→ Record excerpts
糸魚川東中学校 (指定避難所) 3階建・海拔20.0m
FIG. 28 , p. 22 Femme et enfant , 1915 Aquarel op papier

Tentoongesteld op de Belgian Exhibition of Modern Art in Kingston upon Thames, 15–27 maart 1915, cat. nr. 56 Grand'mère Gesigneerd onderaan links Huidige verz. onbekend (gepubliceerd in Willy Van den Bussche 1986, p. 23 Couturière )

...

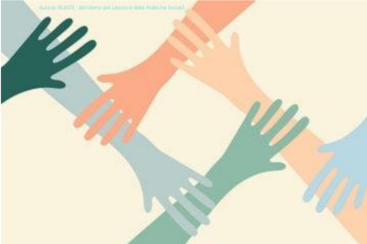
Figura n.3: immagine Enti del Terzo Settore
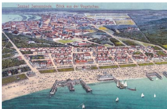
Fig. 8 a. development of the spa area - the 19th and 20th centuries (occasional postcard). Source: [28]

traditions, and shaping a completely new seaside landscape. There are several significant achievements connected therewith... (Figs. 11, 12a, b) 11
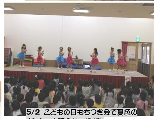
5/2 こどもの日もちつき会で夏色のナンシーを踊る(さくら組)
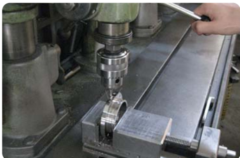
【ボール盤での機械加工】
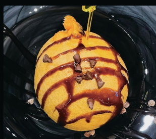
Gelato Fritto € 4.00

→ What this task involves
Starting at the line with "traditions, and shaping" in the entries above, write out every line exactly until the line with "Gelato Fritto € 4.00" has been written. Include no pictures and nothing more.

→ Response box
traditions, and shaping a completely new seaside landscape. There are several significant achievements connected therewith... (Figs. 11, 12a, b) 11
5/2 こどもの日もちつき会で夏色のナンシーを踊る(さくら組)
【ボール盤での機械加工】
Gelato Fritto € 4.00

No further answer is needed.